2 <ab> <<?> | 13: UNLESSM[0](19)
2 <ab> <<?> | 15: EXACT <<>(17)
3 <ab<> <?> | 17: SUCCEED(0)
subpattern success...
failed...
failed...
Match failed
Freeing REx: "[^<]*(?!<)<[?]"
In case you missed it, it tries to match '[^<]*'
, every possible way it can, before failing. Just imagine if you tried to run this match against a large file, only to find out that the final two characters weren't '<?'
.
A better idea it to use maximal matching, and the Beginning of line, zero width assertion.
^
is BOL(beginning of line) in the following text.
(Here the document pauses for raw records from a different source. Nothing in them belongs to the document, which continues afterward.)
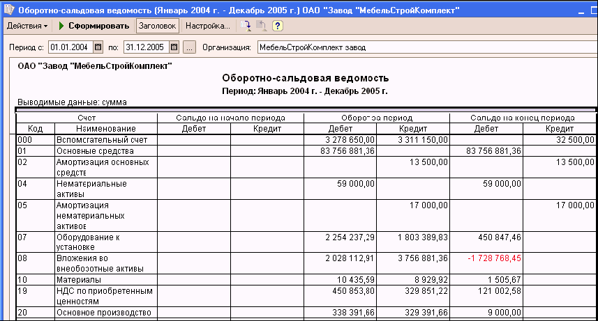 Документ содержит в себе сальдо на начало периода и данные оборотам счетов. Производя расчеты, бухгалтер может определить сальдо на конец периода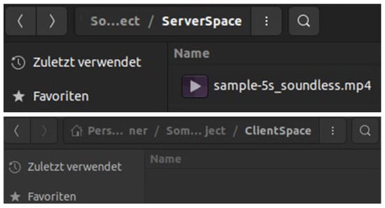 The video file selected to test the project is 6.9 MB in size, presenting a challenging workload for typical automotive communication protocols. This file was sourced from a website offering open-source training videos for machine learning-based systems. Initially, the video is stored solely in the Server’s memory. The second VM, referred to as the Client, has no direct access to this video. The directory structures for both VMs are provided in Figure 12.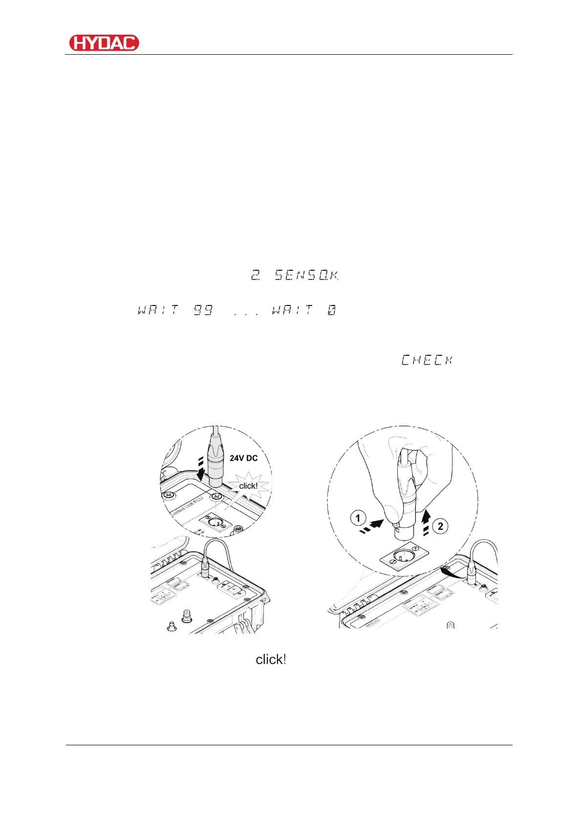 After the unit is plugged in, HYDAC FCU 1### appears in moving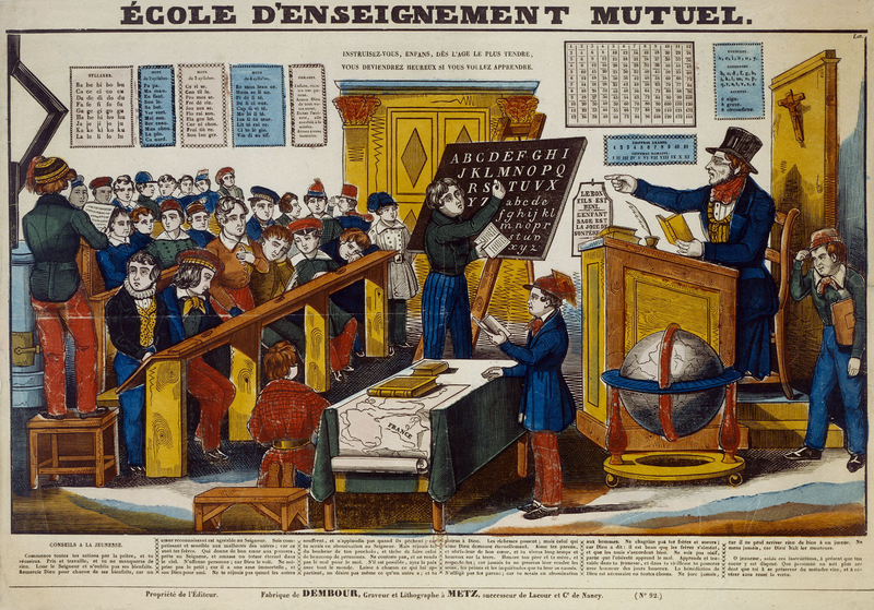 Une salle de classe pendant l’instruction. L’Alphabet, Gravure XIXe siècle, Metz
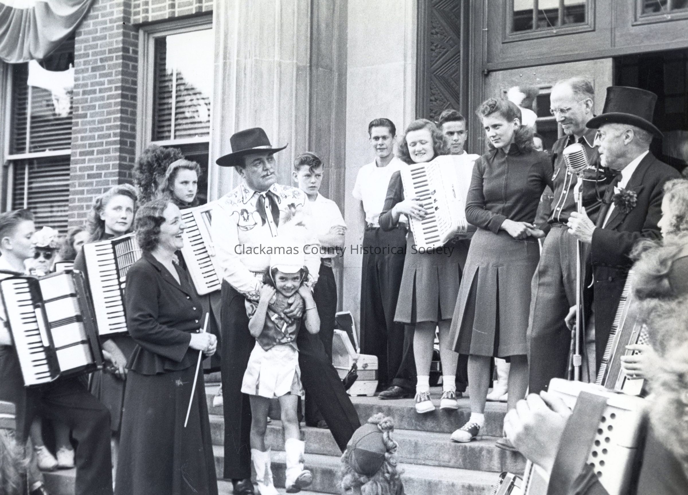 Territorial Days. Steps of courthouse with TV/Movie Actor, Leo Carrillo, (Pancho of Cisco Kid fame).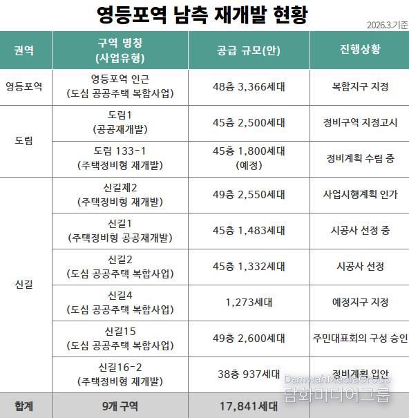 최호권 영등포구청장은 “영등포역 남측 일대의 변화는 낙후된 도시 이미지를 벗고 서울의 미래를 상징하는 명품 주거지로 거듭나는 과정”이라며 “1만 8천 세대의 대규모 정비사업이 차질 없이 진행될 수 있도록 모든 행정력을 집중하겠다”라고 전했다.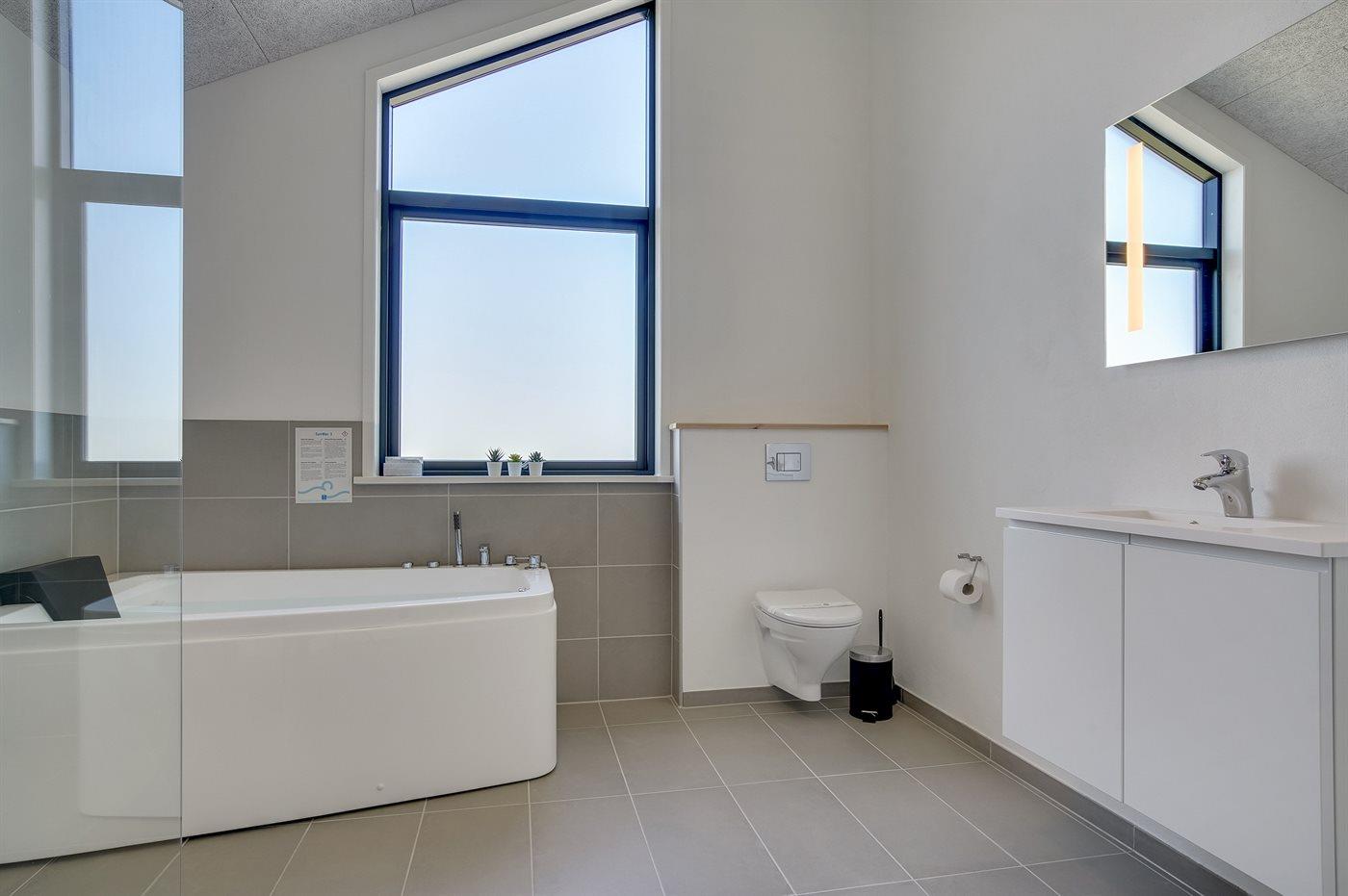 Er is 2 badkamers met douchehok en 2 toiletten. Er is vloerverwarming in 2 van de badkamers. De sauna biedt de gelegenheid tot ontspanning.

perl -Mre=debug -e' "abcdefghijklm<?" =~ /^[^<]*+(?!<)<[?]/; '
Compiling REx "^[^<]*+(?!<)<[?]"
Final program:
1: BOL (2)
2: SUSPEND (18)
4: STAR (16)
5: ANYOF[\0-;=-\377{unicode_all}] (0)
16: SUCCEED (0)
17: TAIL (18)
18: UNLESSM[0] (24)
20: EXACT <<> (22)
22: SUCCEED (0)
23: TAIL (24)
24: EXACT <<?> (28)
28: END (0)
floating "<?" at 0..2147483647 (checking floating) anchored(BOL) minlen 2
Guessing start of match in sv for REx "^[^<]*+(?!<)<[?]" against "abcdefghijklm<?"
Found floating substr "<?" at offset 13...
Guessed: match at offset 0
Matching REx "^[^<]*+(?!<)<[?]" against "abcdefghijklm<?"
0 <> <abcdefghij> | 1:BOL(2)
0 <> <abcdefghij> | 2:SUSPEND(18)
0 <> <abcdefghij> | 4: STAR(16)
ANYOF[\0-;=-\377{unicode_all}] can match 13 times out of 2147483647...
13 <defghijklm> <<?> | 16: SUCCEED(0)
subpattern success...
13 <defghijklm> <<?> | 18:UNLESSM[0](24)
13 <defghijklm> <<?> | 20: EXACT <<>(22)
14 <defghijklm<> <?> | 22: SUCCEED(0)
subpattern success...
failed...
Match failed
Freeing REx: "^[^<]*+(?!<)<[?]"
You should note that this failed much quicker than the previous example.